Stored data ▸

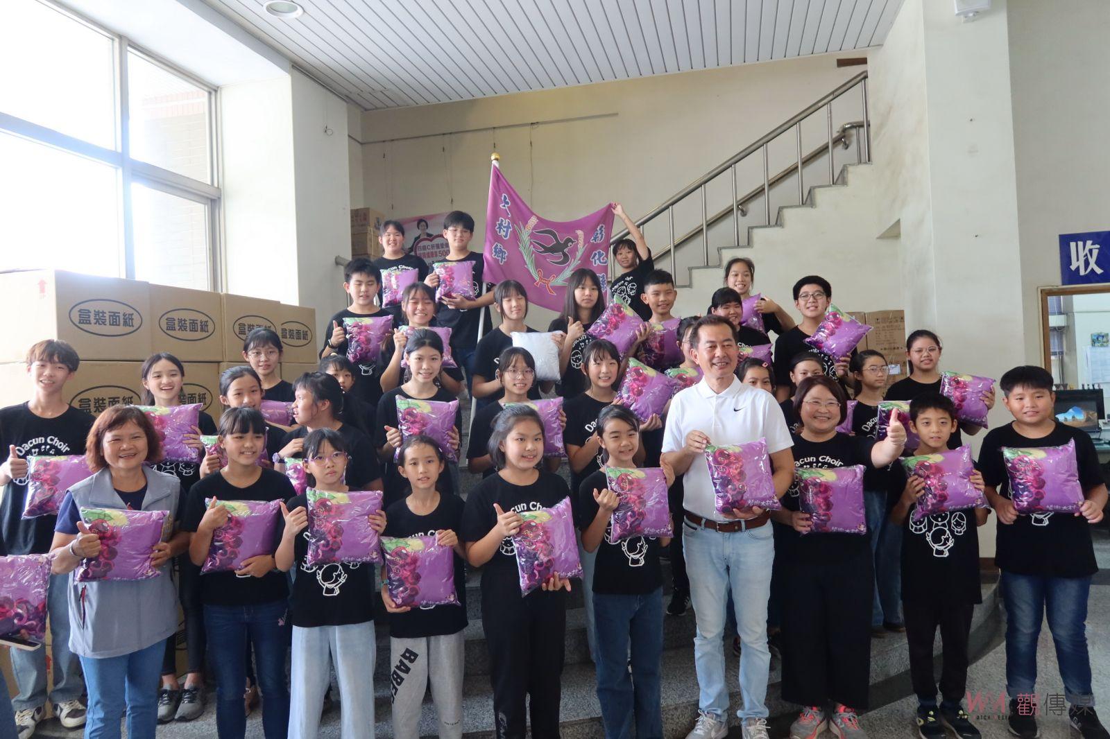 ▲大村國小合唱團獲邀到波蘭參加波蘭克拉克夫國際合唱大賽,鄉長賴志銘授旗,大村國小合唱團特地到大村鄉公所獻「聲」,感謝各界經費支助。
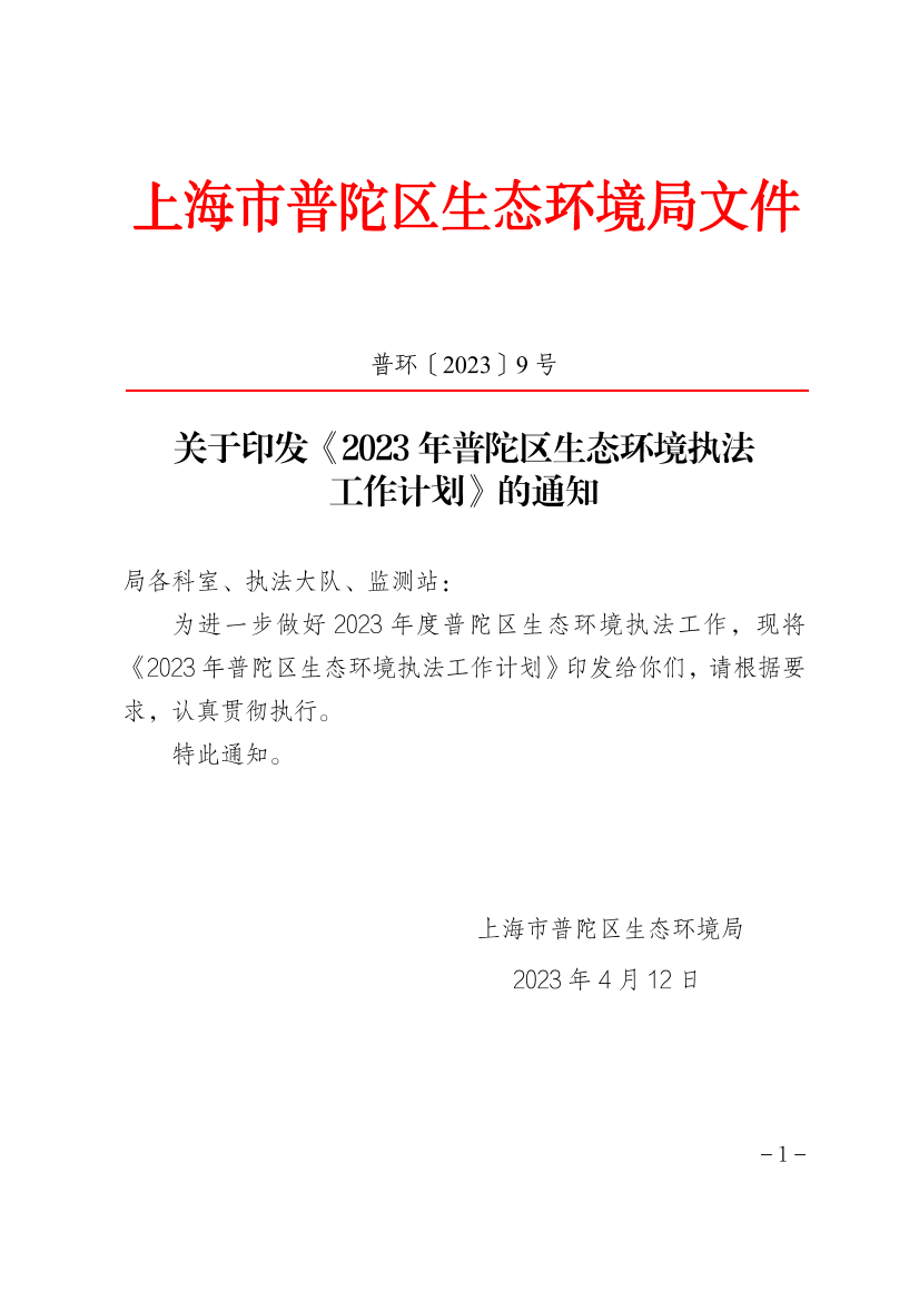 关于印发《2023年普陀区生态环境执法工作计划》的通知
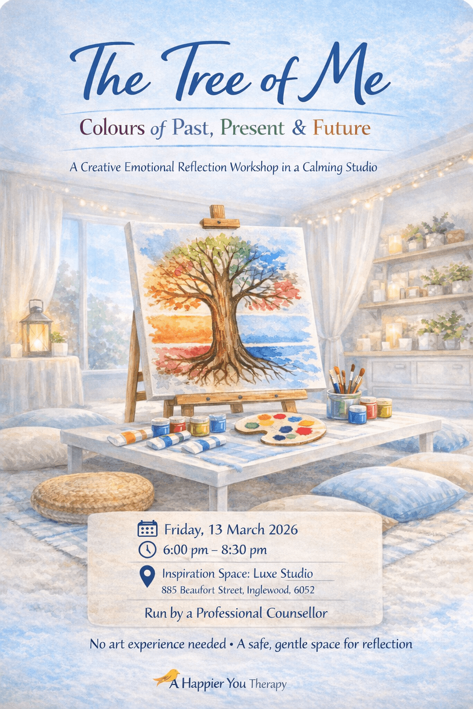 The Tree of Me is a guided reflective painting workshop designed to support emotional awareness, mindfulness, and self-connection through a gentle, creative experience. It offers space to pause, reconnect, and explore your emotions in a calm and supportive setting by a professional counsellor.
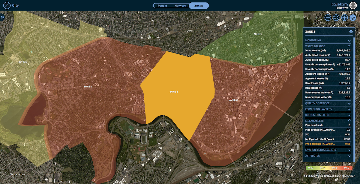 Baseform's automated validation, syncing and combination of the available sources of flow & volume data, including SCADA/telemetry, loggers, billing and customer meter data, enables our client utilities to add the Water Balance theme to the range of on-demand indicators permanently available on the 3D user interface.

What the exercise asks ▸
The data above must be given again in full and unaltered, minus its images.

Task output ▸
 ▲大村國小合唱團獲邀到波蘭參加波蘭克拉克夫國際合唱大賽,鄉長賴志銘授旗,大村國小合唱團特地到大村鄉公所獻「聲」,感謝各界經費支助。
 关于印发《2023年普陀区生态环境执法工作计划》的通知
 The Tree of Me is a guided reflective painting workshop designed to support emotional awareness, mindfulness, and self-connection through a gentle, creative experience. It offers space to pause, reconnect, and explore your emotions in a calm and supportive setting by a professional counsellor.
 Baseform's automated validation, syncing and combination of the available sources of flow & volume data, including SCADA/telemetry, loggers, billing and customer meter data, enables our client utilities to add the Water Balance theme to the range of on-demand indicators permanently available on the 3D user interface.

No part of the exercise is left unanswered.